-- Data follows --

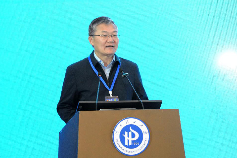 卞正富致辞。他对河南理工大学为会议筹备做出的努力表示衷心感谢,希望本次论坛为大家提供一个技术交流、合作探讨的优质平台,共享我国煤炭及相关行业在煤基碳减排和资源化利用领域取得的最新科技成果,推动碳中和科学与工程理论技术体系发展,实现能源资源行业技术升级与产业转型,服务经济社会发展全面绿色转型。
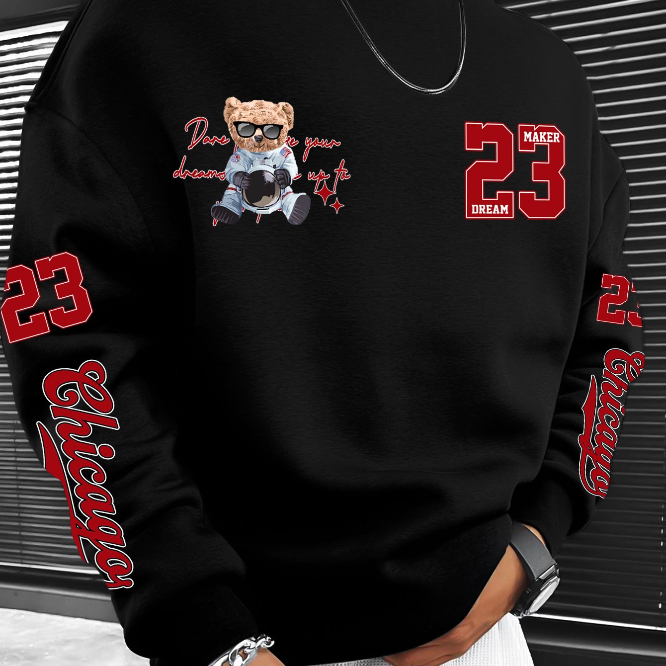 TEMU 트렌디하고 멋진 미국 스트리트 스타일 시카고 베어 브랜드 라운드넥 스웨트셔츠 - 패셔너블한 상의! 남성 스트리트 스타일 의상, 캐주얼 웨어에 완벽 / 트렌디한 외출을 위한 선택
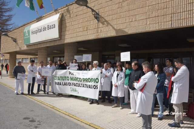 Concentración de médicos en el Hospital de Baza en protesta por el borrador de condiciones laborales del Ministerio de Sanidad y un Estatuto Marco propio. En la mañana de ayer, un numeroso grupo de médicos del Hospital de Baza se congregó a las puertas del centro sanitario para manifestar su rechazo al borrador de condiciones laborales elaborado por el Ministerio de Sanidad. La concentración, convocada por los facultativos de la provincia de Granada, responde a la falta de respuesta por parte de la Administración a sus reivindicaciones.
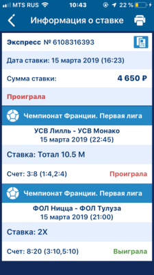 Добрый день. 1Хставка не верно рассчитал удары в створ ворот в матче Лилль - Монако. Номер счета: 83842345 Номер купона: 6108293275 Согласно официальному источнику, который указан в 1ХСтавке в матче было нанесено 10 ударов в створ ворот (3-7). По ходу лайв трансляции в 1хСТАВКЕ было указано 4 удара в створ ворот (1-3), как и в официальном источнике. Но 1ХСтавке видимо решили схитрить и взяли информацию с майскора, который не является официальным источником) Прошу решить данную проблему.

-- Data concluded --

**Assigned task**
Begin at the first line of the data above and repeat each line exactly, stopping after the line containing "Concentración de médicos". Omit the pictures.

**Response for this exercise**
 卞正富致辞。他对河南理工大学为会议筹备做出的努力表示衷心感谢,希望本次论坛为大家提供一个技术交流、合作探讨的优质平台,共享我国煤炭及相关行业在煤基碳减排和资源化利用领域取得的最新科技成果,推动碳中和科学与工程理论技术体系发展,实现能源资源行业技术升级与产业转型,服务经济社会发展全面绿色转型。
 TEMU 트렌디하고 멋진 미국 스트리트 스타일 시카고 베어 브랜드 라운드넥 스웨트셔츠 - 패셔너블한 상의! 남성 스트리트 스타일 의상, 캐주얼 웨어에 완벽 / 트렌디한 외출을 위한 선택
 Concentración de médicos en el Hospital de Baza en protesta por el borrador de condiciones laborales del Ministerio de Sanidad y un Estatuto Marco propio. En la mañana de ayer, un numeroso grupo de médicos del Hospital de Baza se congregó a las puertas del centro sanitario para manifestar su rechazo al borrador de condiciones laborales elaborado por el Ministerio de Sanidad. La concentración, convocada por los facultativos de la provincia de Granada, responde a la falta de respuesta por parte de la Administración a sus reivindicaciones.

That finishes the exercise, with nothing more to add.